Long before Haden helped ignite a jazz revolution with Ornette Coleman; before he spent a decade in another landmark band led by pianist Keith Jarrett; before he formed his Liberation Music Orchestra; before his Quartet West, which played noir ballads inspired by Raymond Chandler novels and movie themes; before memorable collaborations with musicians spanning three generations of jazz’s finest players and nearly all its idioms, he was “Cowboy Charlie,” a precocious toddler singing his way into listeners hearts through what he’d later call “hillbilly music” on his parents’ radio show. Haden’s love for sturdy, heartfelt melody and folk traditions were touchstones through his career, evident even within complex improvised settings. And from start, Haden knew how to connect directly and honestly with his listeners, how to make them hear what he heard, and care about what he cared about.

“Charlie was irreplaceable in many ways,” said Bley. “And one of those ways was the relationship between him and his audience. It must have been thrilling to enjoy that sort of bond, and it was enthralling to witness it wherever we went.”

By the time the Liberation Music Orchestra played in Belgium in 2011, Haden was already using a feeding tube. “Offstage, he’d slump into cot,” said Ruth Cameron Haden, “but onstage, he ran on adrenaline. He was literally living though his music.” On the new CD, the strain in Haden’s voice is evident as he addresses the Belgian crowd after “Song for the Whales.” Yet so is the youthful enthusiasm he never lost. In those closing remarks—about the whales, and the sanctity of our environment—he made the political personal and perhaps addressed his own mortality. “You’re a part of it,” he said. “It’s so important to remember how precious life is.”

Back in the ’60s, Haden knew we were living in a divided nation.
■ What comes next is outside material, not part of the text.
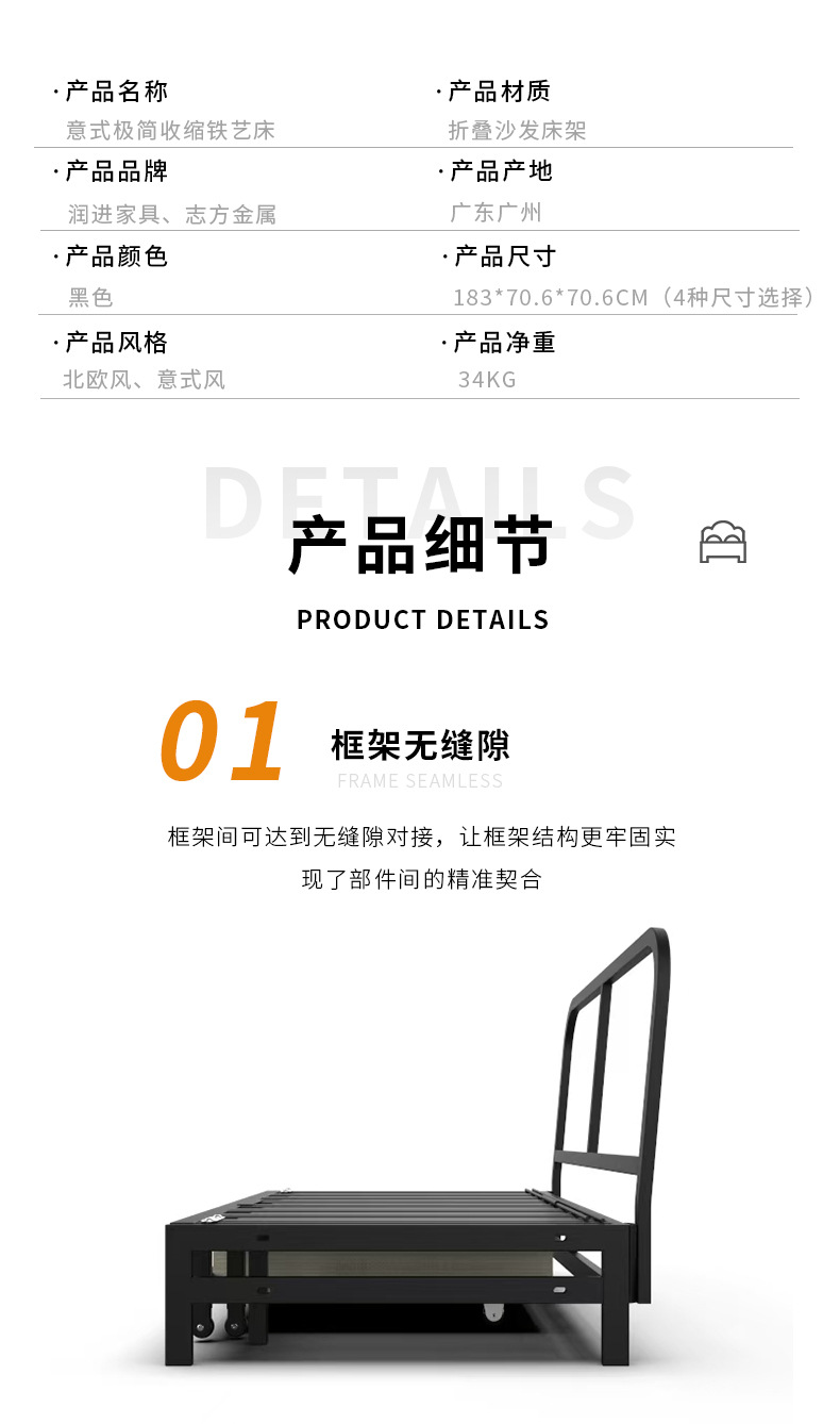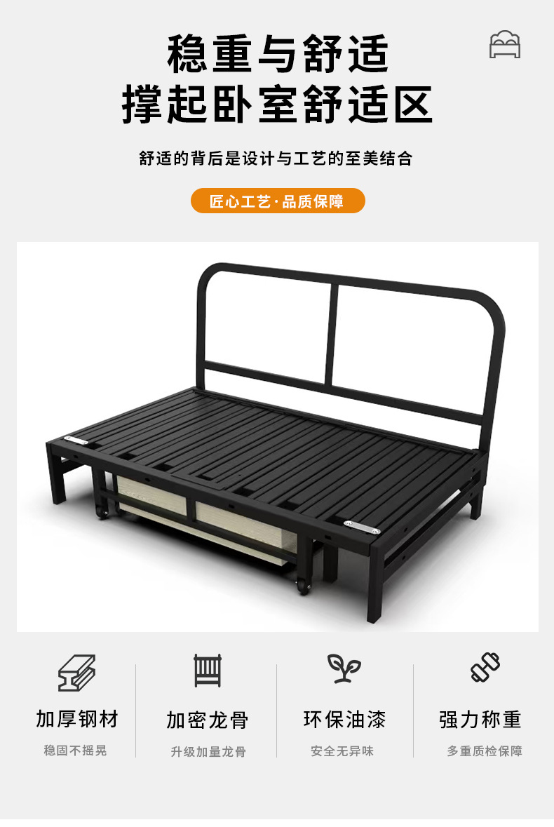 商品名称:三节伸缩推拉抽拉式金属床架两用沙发床铁架多功能铁艺承重沙发架

Along with reconfigured versions of Spanish Civil War songs and his own “Song for Ché,” that first Liberation Music Orchestra album contained “Circus ’68 ’69,” for which he broke his ensemble into two clashing bands, and which his liner note described as follows: “The idea came to me one night while watching the Democratic National Convention on television in the summer of 1968. After the minority plank on Vietnam was defeated in a vote taken on the convention floor, the California and New York delegations spontaneously began to sing ‘We Shall Overcome’ in protest. Unable to gain control of the floor, the rostrum instructed the convention orchestra to drown out the singing. ‘You’re a Grand Old Flag’ and ‘Happy Days Are Here Again’ could then be heard trying to stifle ‘We Shall Overcome’. To me this told the story, in music, of what was happening in our country politically.”

Haden once told me that he thought instrumental music could make a difference, that even without lyrics he could “articulate social and political ideas, especially in times of need or conflict.” In that 1969 liner note, he wrote, “We hope to see a new society of enlightenment and wisdom where creative thought becomes the most dominant force in all people’s lives.”

The music that Haden made with his Liberation Music Orchestra remains strikingly relevant—a soundtrack to discontent and a righteous call to envision something better.